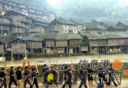 圖:在具有鮮明民族文化特色的地捫侗寨前,一支侗族樂隊(duì)正在演奏(新華社資料圖片)
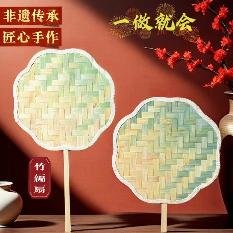 竹編み扇子diy団扇手作り材料包非遺品中国風児童中国式夏親子暖場イベント
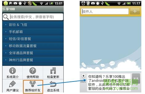 在軟件的主操作界面,點(diǎn)擊手機(jī)上的菜單功能鍵,在彈出的菜單欄中選擇“推薦給好友”菜單項(xiàng),將會(huì)進(jìn)入到短信編輯界面,在這里只需要輸入您好友的手機(jī)號(hào)碼點(diǎn)擊“發(fā)送”按鈕即可。如下圖所示。

* * * * *

Set down all the material exactly once more. No pictures.

 圖:在具有鮮明民族文化特色的地捫侗寨前,一支侗族樂隊(duì)正在演奏(新華社資料圖片)
 竹編み扇子diy団扇手作り材料包非遺品中国風児童中国式夏親子暖場イベント
 在軟件的主操作界面,點(diǎn)擊手機(jī)上的菜單功能鍵,在彈出的菜單欄中選擇“推薦給好友”菜單項(xiàng),將會(huì)進(jìn)入到短信編輯界面,在這里只需要輸入您好友的手機(jī)號(hào)碼點(diǎn)擊“發(fā)送”按鈕即可。如下圖所示。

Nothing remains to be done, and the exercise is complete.